Bank of Hawaii Corp. CEO Peter Ho received a pay package worth $7.9 million last year which was the highest for an executive of any publicly traded company in the state.
Ho’s compensation, which included $5.7 million in stock awards, was more than double the $3.6 million he earned in 2013, according to a proxy that the bank filed Friday with the Securities and Exchange Commission. Ho’s base salary was $794,424, up 5.2 percent from $754,847 a year earlier.
Connie Lau, president and CEO of Hawaiian Electric Industries Inc., was the second highest-paid executive with total compensation of $5.6 million last year, according to a 10-K filing made last month with the SEC.
Matson Inc. President and CEO Matt Cox was third with $4.1 million, according to the company’s recent proxy.
Just under half of Hawaii’s publicly traded companies have yet to file financial information with the SEC for their top executives, but based on 2013 data no Hawaii executives are expected to crack the top three of Ho, Lau and Cox.

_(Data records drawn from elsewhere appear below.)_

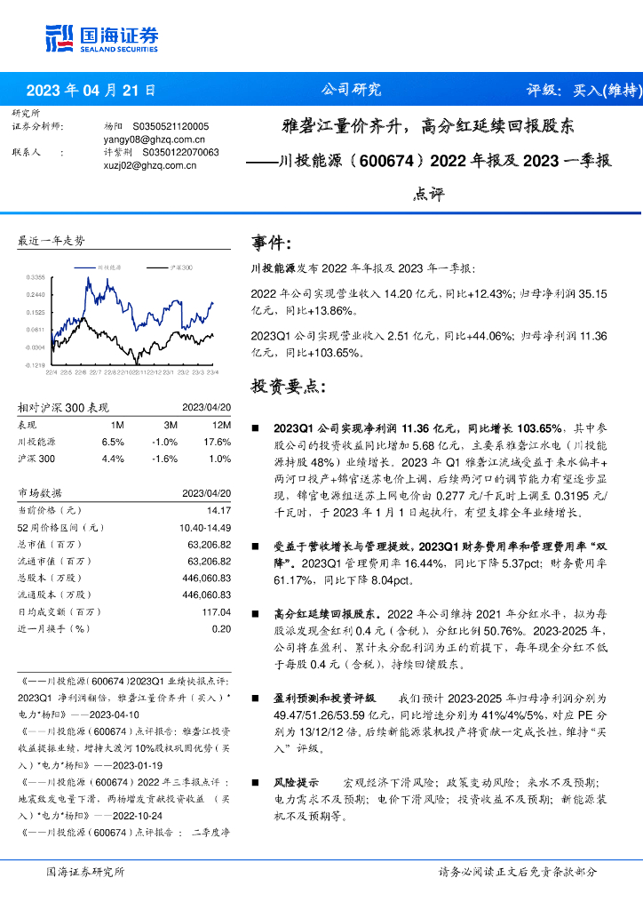 国海证券:川投能源(600674)-2022年报及2023一季报点评:雅砻江量价齐升,高分红延续回报股东.pdf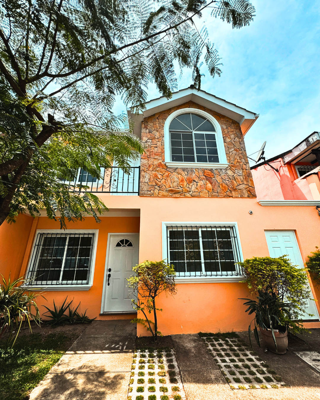 Se alquila amplia casa en residencial Joya de las Piletas, a minutos de San Salvador, Santa Tecla y el Puerto de La Libertad. Cuenta con 2 parqueos, estudio, sala con terraza grande, comedor con vista al jardín, cocina y área de servicio. En el segundo nivel: sala familiar, habitación principal con walk-in closet, baño y tina, además de 2 habitaciones junior con baño y closet.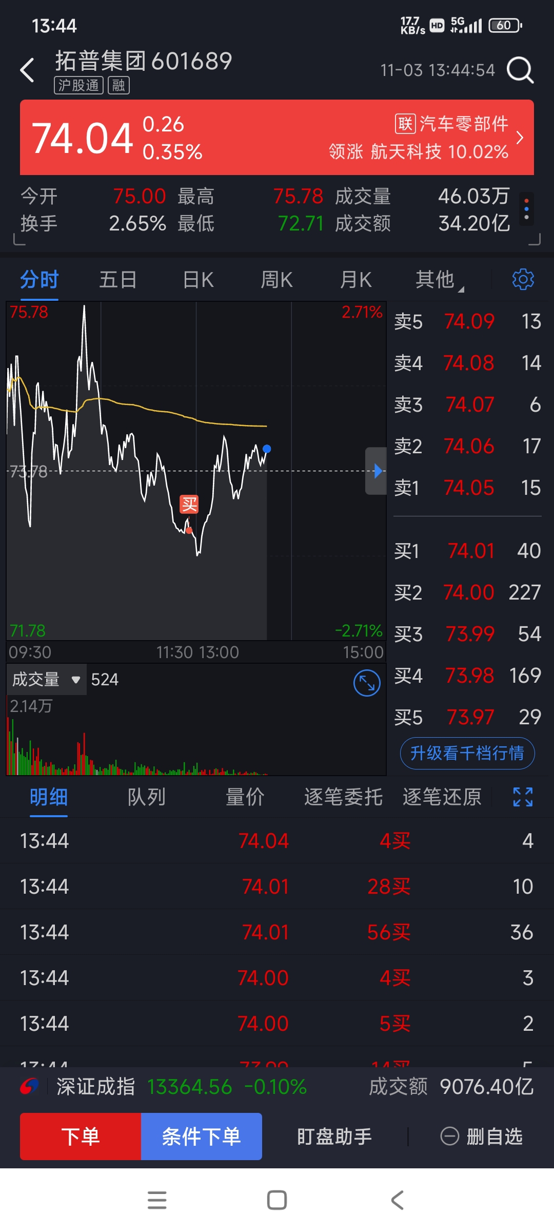 $拓普集团(SH601689)$ 开始建仓,买了10手

Ho’s $5.7 million in stock awards included a one-time performance grant of 56,700 shares of restricted stock in recognition of the successful completion of the bank’s three-year strategic plan. Those shares were valued at $58.74 apiece and totaled just over $3.3 million. Ho, who also is chairman and president, received an additional 40,000 shares valued at just over $2.3 million which represented his annual performance-based equity grant.
"Bank of Hawaii’s CEO compensation is largely incentive- and performance-based," company spokesman Stafford Kiguchi said.
"In providing the grant (of 56,700 shares), the board’s Human Resources and Compensation Committee noted that appropriate remuneration for past performance had not fully been recognized, including the successful achievement of key milestones and metrics related to the implementation of the bank’s 2011-2013 strategic plan," Kiguchi added. "The committee also determined that compensation levels were below that of CEOs at companies of equal size and complexity with which the bank competes for human capital."
The value of the one-time stock grant is fully realized only if the company "continues to achieve rigorous performance-based thresholds and is subject to a four-year vesting schedule," Kiguchi said. "If these thresholds are not met, all or a portion of the grant may be forfeited."
Bankoh’s board noted that results of the recently completed strategic plan are supported by the bank’s ranking last year as the No. 1-performing large bank in the country in 2013 by ABA Banking Journal and No. 2 in the country in 2014 by Forbes magazine. Bank of Hawaii, which earned $163 million last year, is the second-largest bank in the state behind First Hawaiian Bank.
"The rankings speak to the consistent quality performance Bank of Hawaii has earned over recent years," Kiguchi said. "Bank of Hawaii enjoys some of the highest profitability, capital and stock market valuation metrics in the banking industry."
Ho’s total compensation also included $1.25 million in nonequity incentive plan compensation, $2,358 for change in pension value and nonqualified deferred compensation earnings, and $141,969 for all other compensation.